WebmasterWorld Senior Member 10+ Year Member



Hmm. I thought this was what the meta "description" accomplished?

rocknbil

5:34 pm on Feb 21, 2005 (gmt 0)

WebmasterWorld Senior Member 10+ Year Member



I am **definately** not a Google -master, but I have noticed the following descriptions (among others) in google results:

"This page requires frames, but your browser doesn't support them."

"An error ocurred while processing this directive"

another is a seemingly senseless list of words obviously gleaned from links

About contact products home

The first is an unwitting developer that apparently likes frames but doesn't know to use the noframes tag, and the second is a server side include that is broken. Not sure how the last is snarfed. :-D All come from the content of the page and not the meta tags.

I am also not sure if these only appear because the author is **NOT** using meta tags in the document.

I bring up this point because I also wonder precisely which situations cause Google to digest the meta tags. **

So, taking my obvious ignorance into account, I am going to suggest placing the description you wish to be in google at the topmost portion of the textual content of the page, as close as possible to immediately after the body tag and the first H tag. It doesn't have to be visually at the top - but needs to be as close to "first" in the document structure as possible.

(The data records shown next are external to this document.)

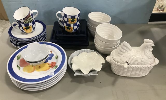 Assorted Group of Stoneware Everyday Plates and Bowls, rooster tureen, 6 bowls, dishes, four cups, blue square plates, round plates. Assorted Group of Stoneware Everyday Plates and Bowls, rooster tureen, 6 bowls, dishes, four cups, blue square plates, round plates.
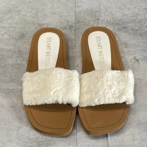 Stuart Weitzman Women's Natural Cammy Shearling Strap Slide Sandal SZ 6.5 B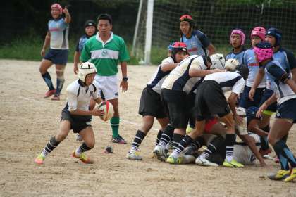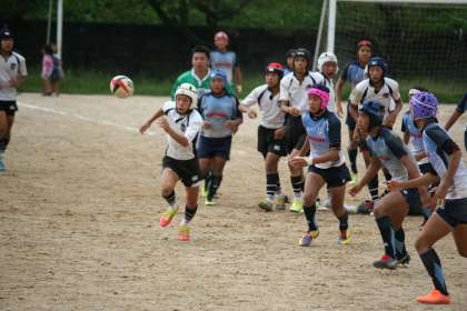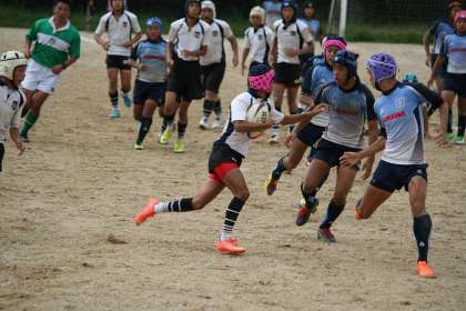 スクラムハーフとスタンドオフの早い攻撃が上手く流れを作ります。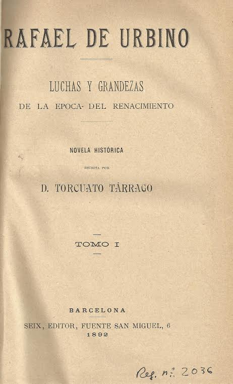 Rafael de Urbino : luchas y grandezas de la época del renacimiento : novela histórica / escrita por Torcuato Tárrago. -- Barcelona : Seix, 1892
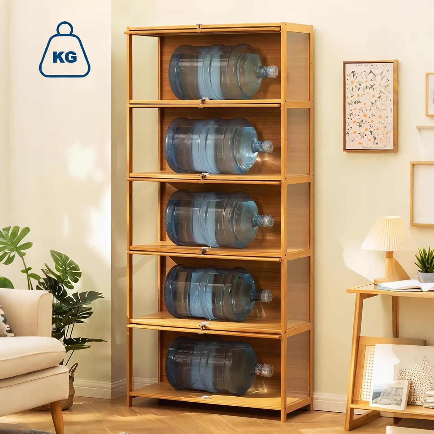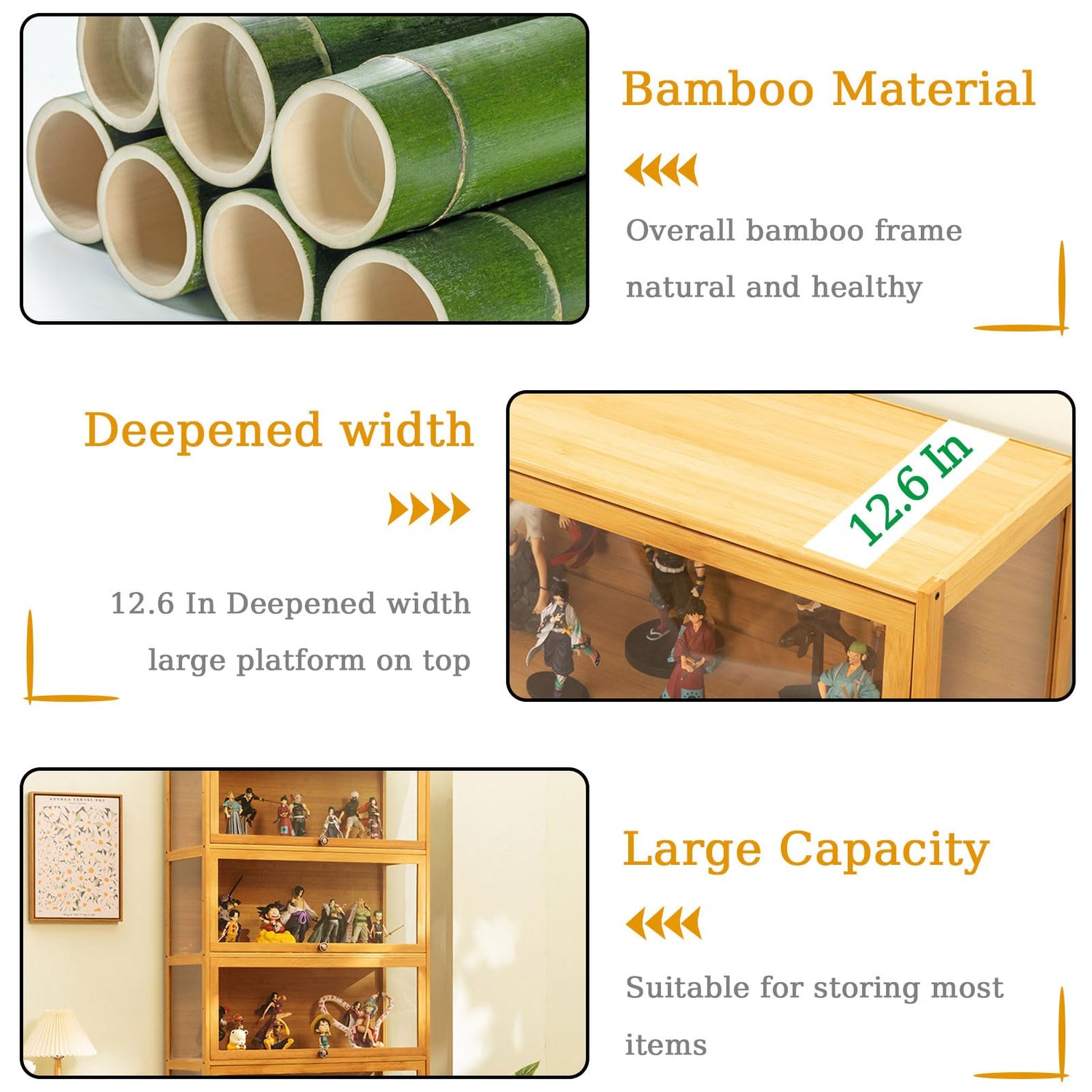 - 【High Quality Material】- The display cabinet is made of acrylic panel and solid bamboo boards, which ensure the stability of the display cabinet and provide long-time service. The bamboo material won't be affected by damp or rainy days.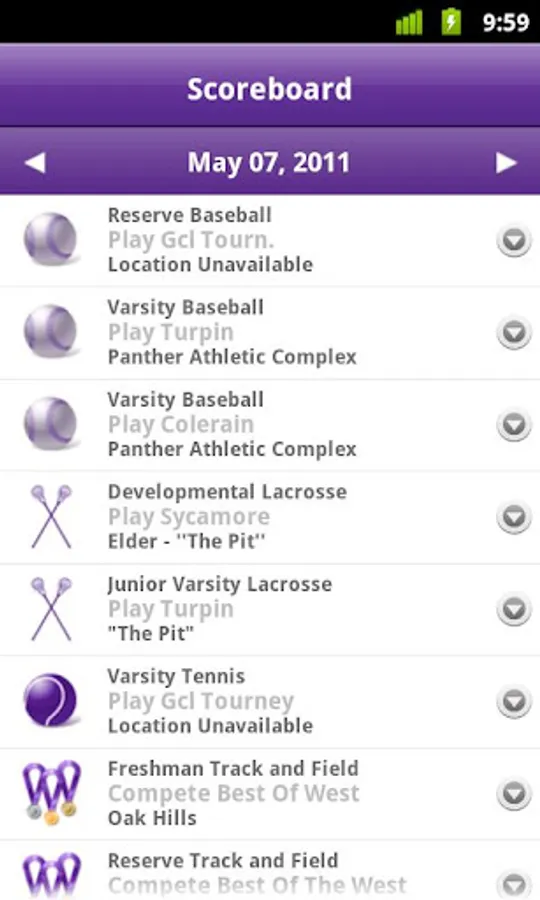 Most recent schedules and results for each sport including the date, time, location and opponent.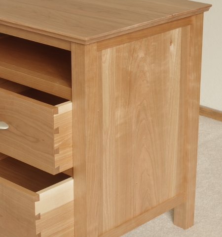 I need to make a note about what’s going on with the woods here. In the side panel, there is a roughly 6″ wide slice of flatsawn cherry stock in the center to give it the central cathedral figure; each side panel has this. On each side of that, there are narrower strips of birch meant to provide contrast as stripes. Then, the outermost strips from the center of the panels are again cherry.

**I'm trying to make it a habit to read at least two threads a day from the Google forum . . . .so I'm getting there . . . :-) )

SEOMike

6:41 pm on Feb 21, 2005 (gmt 0)

WebmasterWorld Senior Member 10+ Year Member



The answer to fixing this is using the Description tag that other people have talked about. Keep it kind of short as Google will only display so many words. You can do some counting to find out the ballpark number.

Here's the structure:

<HTML>
<HEAD>
<TITLE></TITLE>
<DESCRIPTION>
<keywords>
</HEAD>
<BODY>

Pay attention to how long it takes Google to update their listing. That's something that's good to know if you don't watch your logs.

Good Luck!

goodroi

7:15 pm on Feb 21, 2005 (gmt 0)

WebmasterWorld Administrator 10+ Year Member Top Contributors Of The Month



This highlights a general problem with coding pages for search engines. Do not place the navigation bar towards the top of your html code. You are inviting problems with search engines if the first 20k for all of your pages is identical nav bar code. Play around with the code and have search engines find relevant unqiue content early in your code.